Младший чуть не рассмеялся. Ох уж эта его страсть все усложнять и драматизировать. Оживший мертвяк не пришел, чтобы разобраться с ним: на его животе лежали всего лишь резиновые мешки со льдом.

– Итак, рвота вызвала кровотечение, – кивнул Ванадий. – Но что вызвало рвоту?
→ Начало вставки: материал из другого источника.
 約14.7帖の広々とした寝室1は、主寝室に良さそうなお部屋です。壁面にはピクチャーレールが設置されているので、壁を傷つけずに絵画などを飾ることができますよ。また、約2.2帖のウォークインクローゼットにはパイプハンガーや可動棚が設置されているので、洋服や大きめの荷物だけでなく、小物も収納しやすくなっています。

– Мы, разумеется, проведем необходимые исследования, но лишь после того, как его состояние будет оставаться стабильным в течение хотя бы двенадцати часов. Лично я не думаю, что мы найдем физическую причину. Скорее всего, ответ надо искать в области психологии: острый нервный эмезис, вызванный сильной тревогой, потрясением от потери жены, видом ее тела.

Абсолютно верно. Шок. Ужасная, ничем не восполнимая потеря. Младший вновь почувствовал боль утраты и даже испугался, что выдаст себя покатившимися из глаз слезами, хотя позывов на рвоту больше не было.
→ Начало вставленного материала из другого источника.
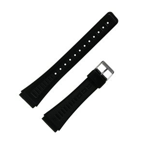 Ремешок пластиковый, 16 мм, модель P89, черный, плоский, пряжка — матовая, металлическая

Он многое узнал о себе в этот знаменательный день… и то, что он невероятно импульсивен, о чем он раньше не подозревал, и то, что готов пойти на болезненные краткосрочные жертвы, чтобы получить значительный выигрыш в долгосрочной перспективе, и то, что он смелый и решительный… но главный урок заключался в другом: он куда более восприимчивый к чужим страданиям, чем казалось ему самому, и вот эта восприимчивость, сама по себе замечательная черта характера, в определенных ситуациях могла доставить ему немало неприятных минут.

– По долгу службы мне приходилось видеть многих людей, которые только что потеряли своих близких, – заметил Ванадий. – Никто из них не блевал, как Везувий.
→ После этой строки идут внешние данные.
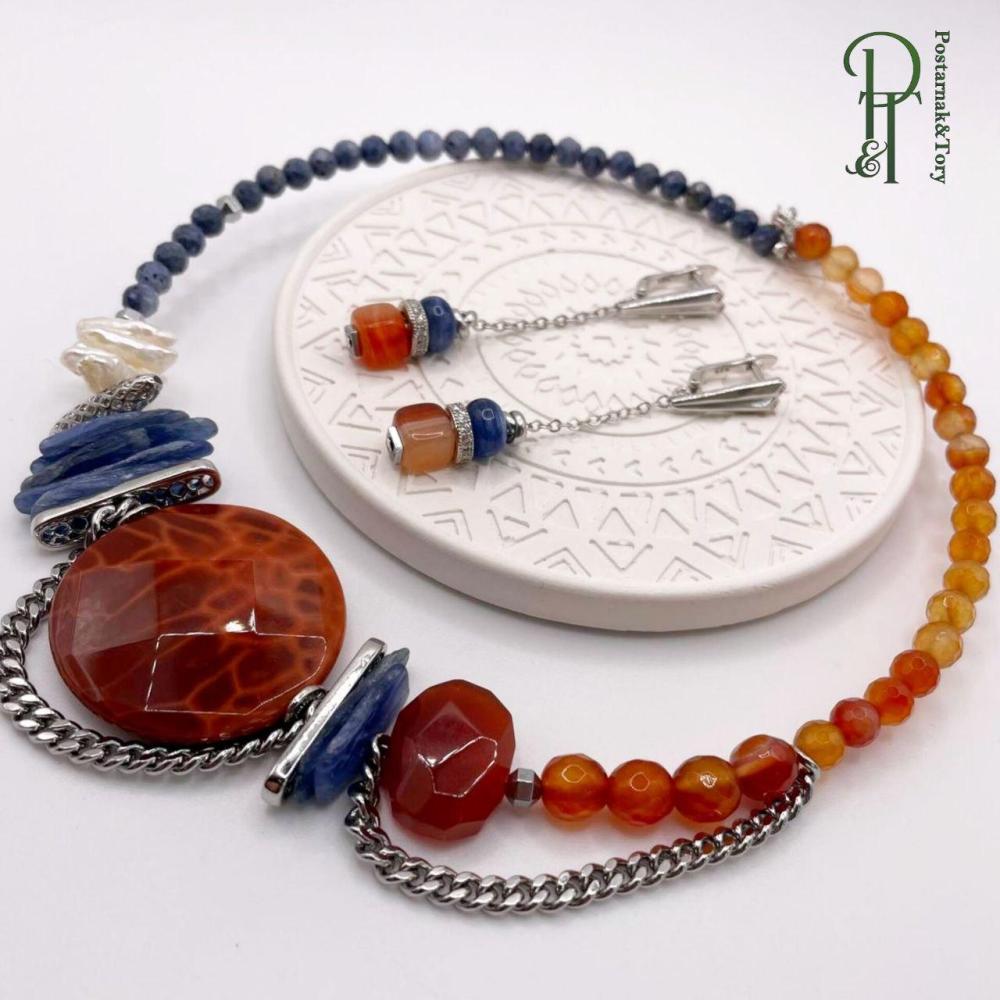 Невесомые и динамичные серьги с сердоликом и кианитом на цепочке будут прекрасно сочетаться со всеми украшениями из коллекции «Африканские мотивы»!

– Не могу сказать, что это обычная реакция, – признал врач. – Но и к разряду редких отнести ее нельзя.

– Мог он что-нибудь принять, чтобы вызвать рвоту?

– Зачем ему это понадобилось? – В голосе доктора Паркхерста слышалось искреннее недоумение.

– Чтобы имитировать острый нервный эмезис.

По-прежнему притворяясь спящим, Младший порадовался, осознав, что детектив сам помахал перед собой красной морковкой и сам же радостно бросился за ней.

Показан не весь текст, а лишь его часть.